Discuss treatment options: discussion of the main treatment options (medical nutritional therapy and physical activity) and adjuvant therapies that may be needed, including psychological, pharmacological and surgical interventions.
Set goals with the patient: agreement with the patient regarding the goals of the therapy, focusing mainly on the value that the person derives from interventions based on health.
Monitoring the patient: involvement of health professionals with the person with obesity in the continuous monitoring and reassessments and encouraging the promotion of improved care for this patient chronic disease.
Another very important guideline is the Brazilian Obesity Guidelines. They were published in 2016 with the aim of providing data on the etiology, diagnosis and dietary, cognitive-behavioral and pharmacological treatment of overweight. This publication also provides recommendations against some heterodox treatments and nutritional supplements, drawing attention to therapies without scientific basis, therefore practices not recommended for the treatment of obesity. Among them are acupuncture, aromatherapy and herbal supplements.
She also talks about “you know who”, who sells shakes and supplements for weight loss. And guess what is said… that’s right, there are published reports on liver damage after ingesting these products in at least 30 cases in several countries. The predominant pattern of injury was hepatocellular, but mixed and cholestasis patterns were also observed, with intensity ranging from mild to severe liver damage, including cirrhosis and acute liver failure requiring liver transplantation in two cases (successful in one patient, with death in the second).
Brand representatives deny the causal relationship between the consumption of their products and liver damage.
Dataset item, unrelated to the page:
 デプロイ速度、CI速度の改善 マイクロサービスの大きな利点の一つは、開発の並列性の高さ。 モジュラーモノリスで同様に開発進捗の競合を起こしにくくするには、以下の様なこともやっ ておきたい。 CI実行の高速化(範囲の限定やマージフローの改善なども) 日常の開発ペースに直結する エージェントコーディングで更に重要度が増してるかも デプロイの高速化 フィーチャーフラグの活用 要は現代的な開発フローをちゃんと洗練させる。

But it remains speculative what could have caused liver damage in the published cases, as patients ingested up to 17 different components that were present in the products at the same time. This makes it almost impossible to identify the responsible compound. There are some hypotheses: immune-mediated liver damage or adulteration of products. Since “you know who” is produced in various regions of the world, it is speculated that products contaminated with germs or chemical compounds could have been responsible for hepatotoxicity.
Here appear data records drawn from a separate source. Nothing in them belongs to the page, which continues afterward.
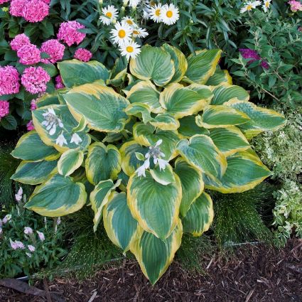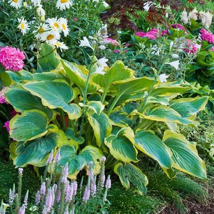 The Hosta Seducer, Hosta ‘Seducer’, is a very large sized Hosta with broad, dark-green leaves. ‘Seducer’ has dark-green leaves that are trimmed in slightly ruffled, yellow margins.
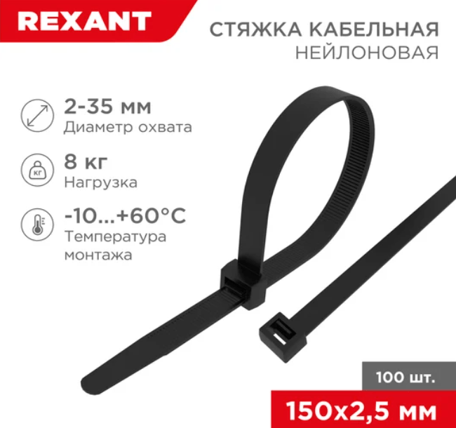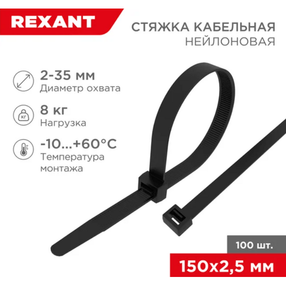 Хомут-стяжка нейлоновый 2,5х150 черные REXANT
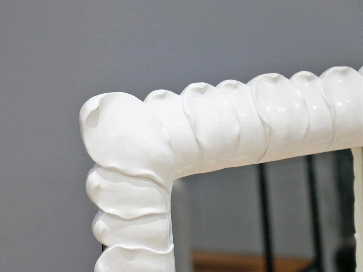 white frame mirror with petal design

I couldn’t help but also mention the AACE table ( American Association of Clinical Endocrinologists ), published in 2016, which brings a tripod with Nutrition, Physical Activity and Behavior. For those who do not know AACE is the American guideline of clinical practice for medical care of patients with obesity, despite being a Guideline of 2016, the guidelines follow timeless, I will talk briefly about them.
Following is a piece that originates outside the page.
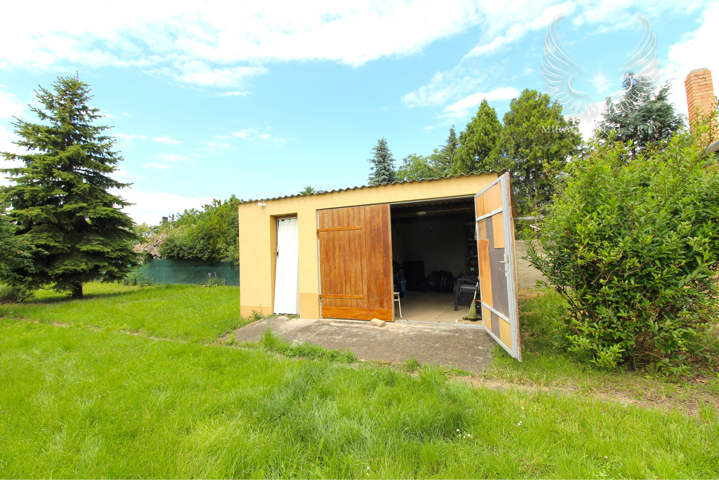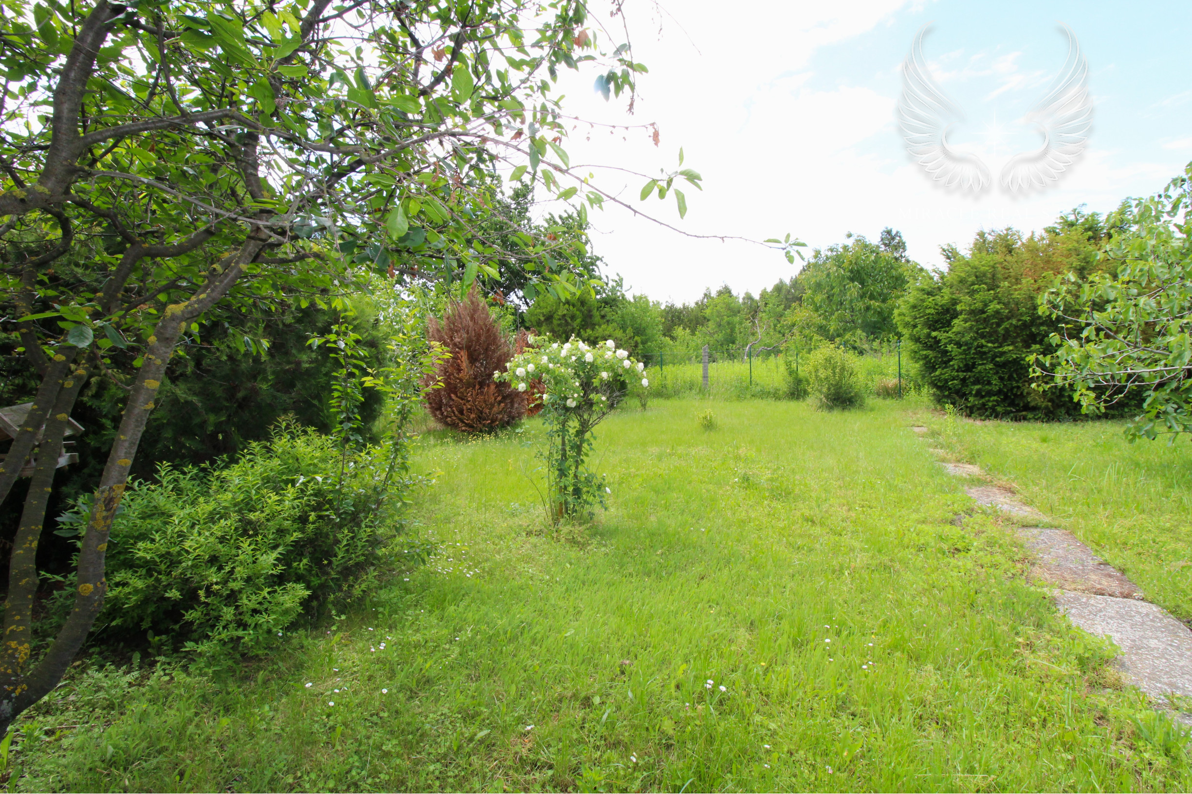 Záhrada ponúka, okrem oddychu, aj ovocné stromy a možnosť pestovania zeleniny. Závlaha je zabezpečená z vlastného vodného zdroja.

As a treatment, the importance of a healthy eating plan with reduced calories is emphasized, which according to the Guide, should be the main component of any intervention for weight loss. In addition, the modification of macronutrients (carbohydrate, lipid and protein) can be considered in order to optimize adherence and consequently improve the metabolic profile and clinical results as a whole.
Aerobic physical activity should be prescribed for patients with overweight or obesity, the initial prescription may over time be adjusted, requiring a progressive increase in the intensity and frequency of exercise, the end goal should be above or equal to 150 minutes / week of moderate exercise performed for 3 to 5 days a week. Resistance training is also indicated to help promote fat loss while preserving muscle mass, the goal should be resistance training 2 to 3 per week.
Behavioral interventions are effective in increasing adherence to overweight or obese patients, these interventions may include: self-monitoring of weight, intake of food and physical activity, in addition to an approach that works with issues such as stress reduction, motivational interview, psychological counseling and conversations with the health professional himself or in groups to answer questions and solve problems.